James Cumberbatch – a combination of brilliance with empathy. I had an opportunity to work with him during my stint at Amazon. I was inspired by his ability to enable multiple complex experiments and innovations to a very open-ended goal while still establishing himself as a trusted and popular leader across multiple teams and geographies.

 

Best advice that you got

Find ways to make it happen rather than finding reasons for why it won’t happen. (From Manoj Gupta, a former colleague at Amazon)

 

Your favourite book

Freakonomics: This book has helped me significantly in applying economics to every single behaviour and action. It has also helped me understand how data can be misleading if we are not making the right assumptions and outcomes. I would recommend everyone to read this book.

 

Your fitness regime

I walk briskly in the morning and evening to keep myself fit.

 

Your five business mantras

 Focus on the right problem: It’s not as simple as it sounds. Understanding the customer’s pain points along with gaps in the existing product and then focusing on solving the right problem is the first step towards any successful venture.

 Measure, monitor and iterate: If you are not measuring the key metrics which define product and business success, you are running blind. A common pitfall is when people only measure outcomes in terms of revenue. I call it measuring the lag metrics. Identify and build lead metrics that clearly define business success. Monitor metrics, build review mechanisms, take cues, and then take actions to iterate the product in order to improve customer experience.
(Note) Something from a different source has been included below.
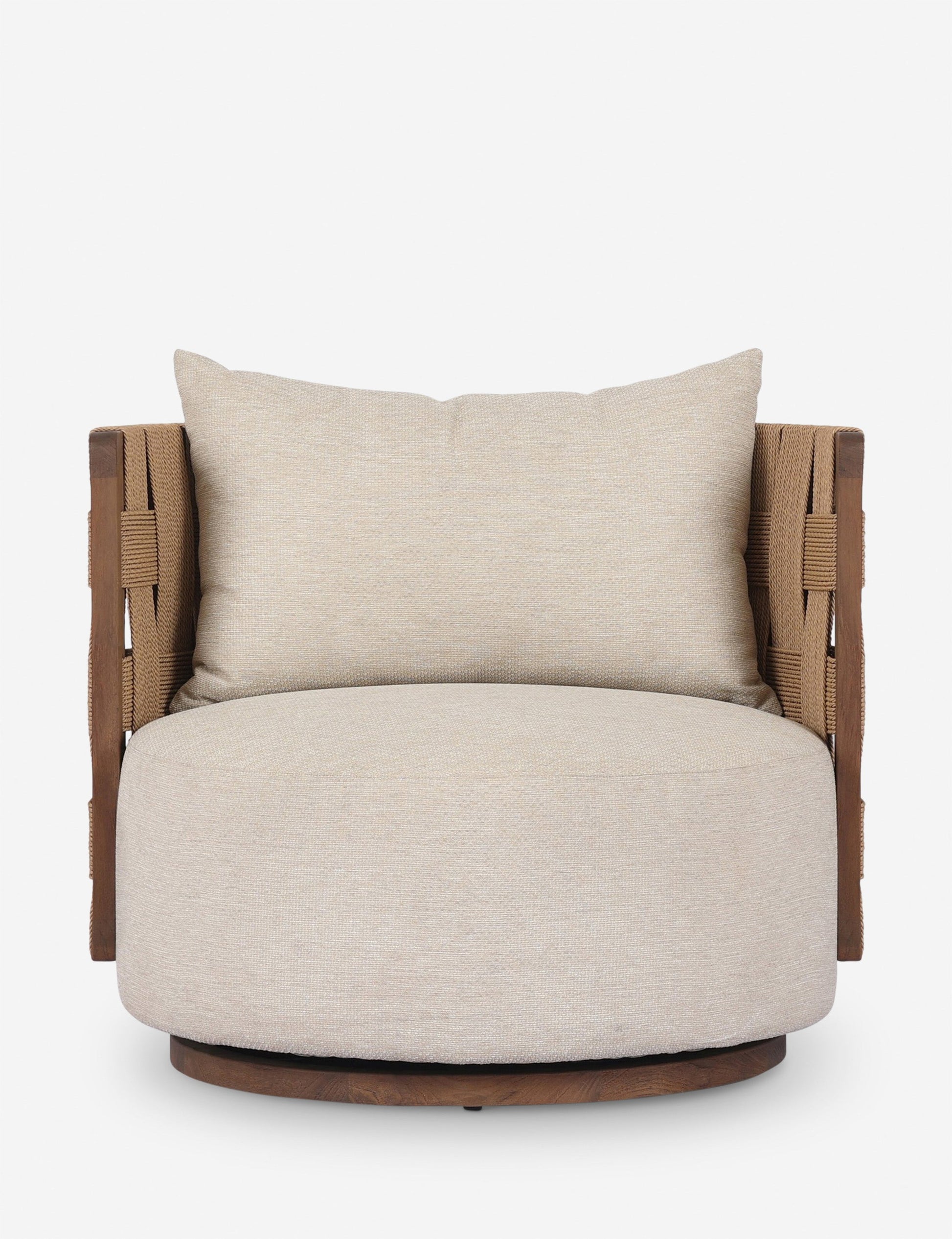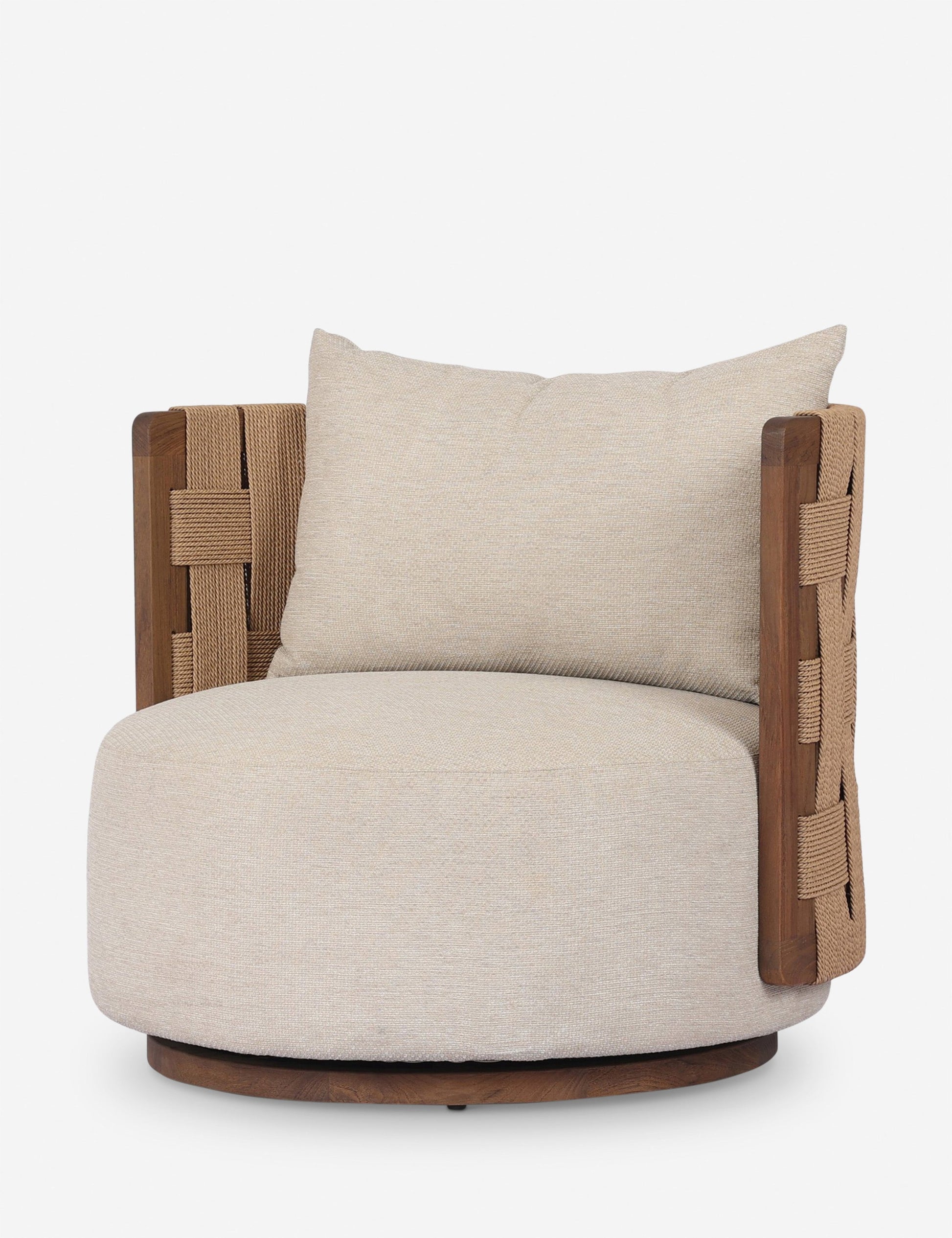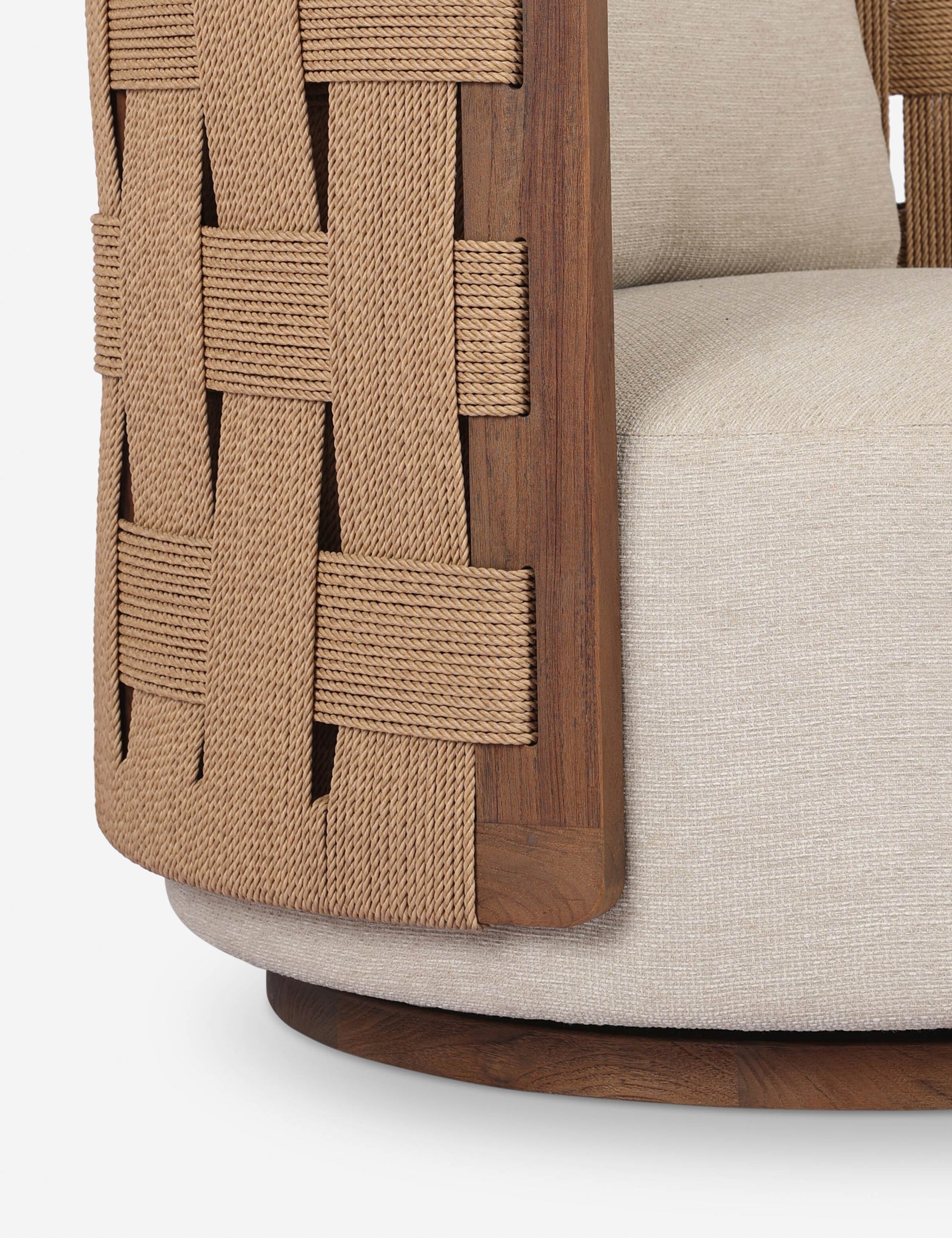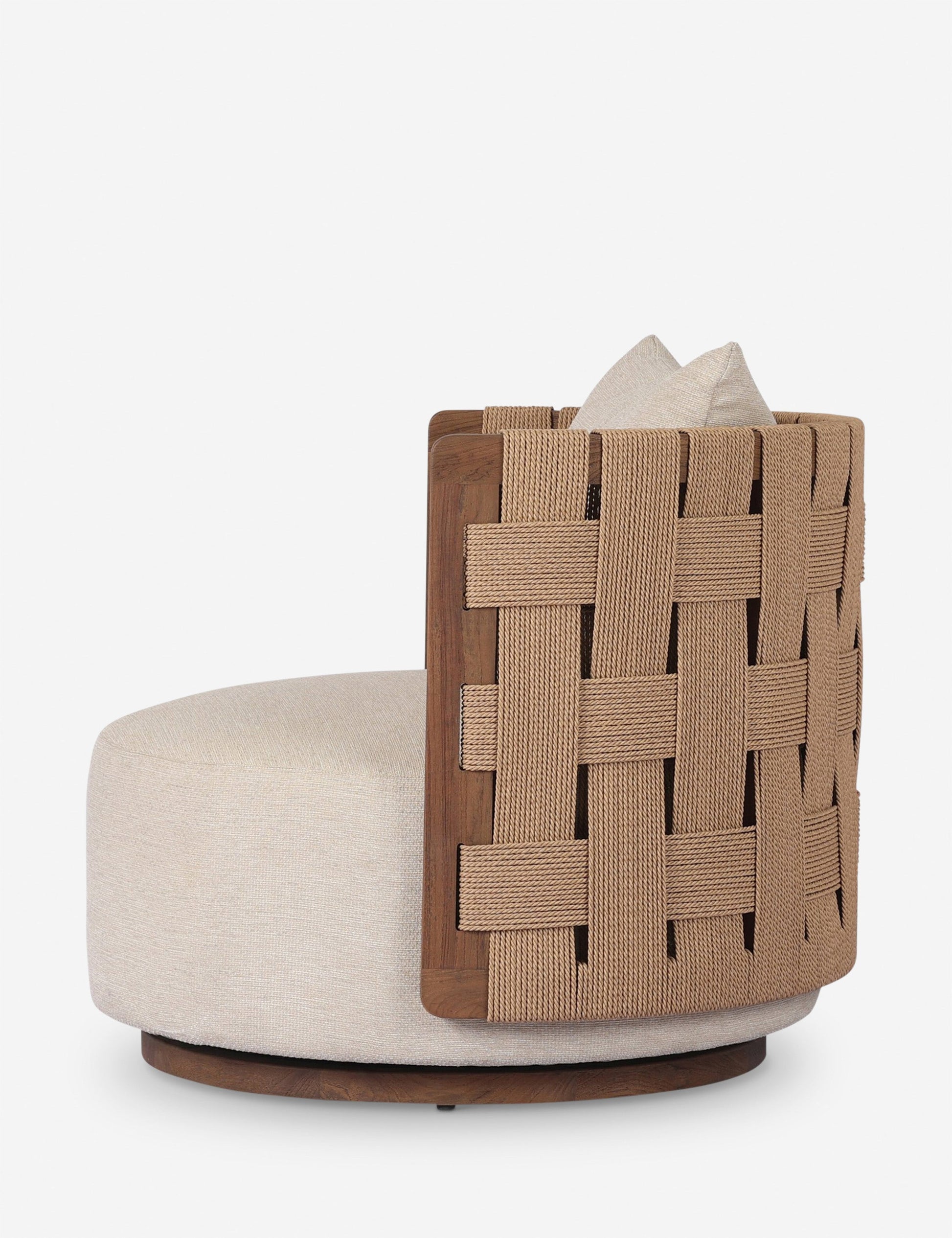Le fauteuil d'appoint Tema est une pièce sculpturale qui s'intègre parfaitement à un style frais. Sa structure en teck présente un tissage surdimensionné pour plus de texture, enveloppant une assise et un dossier rembourrés. Une base pivotante dissimulée complète ce design à la fois décontracté et élégant.

 Customer is king: Very well-known statement, but how to interpret and measure it is evolving with time. It is important to carefully stitch in every piece of the product to make sure that the customer is put first. It is essential to implement this thinking across the organisation. Building a customer-first culture and measuring NPS is becoming fundamental to the success of every business.

● Observe (listen), learn and pivot: Carefully observe data, and listen to what it is revealing. Be open to learning along the journey and identifying gaps in hypothesis and assumptions. Be open to pivoting the business and product. Building an organisation which is nimble and agile forms an essential part of this strategy.

 Build processes and automation for opex (operational expense) reduction: Last, but not the least, you can’t bloat your cost of operations. Making sure that you are building the right process and automation to continuously reduce the operational cost should not just be a part of the strategy but also the focus.

 

Your message on management to youngsters

There is no shortcut to hard work when it comes to learning. Observe, listen and learn, and keep a growth mindset.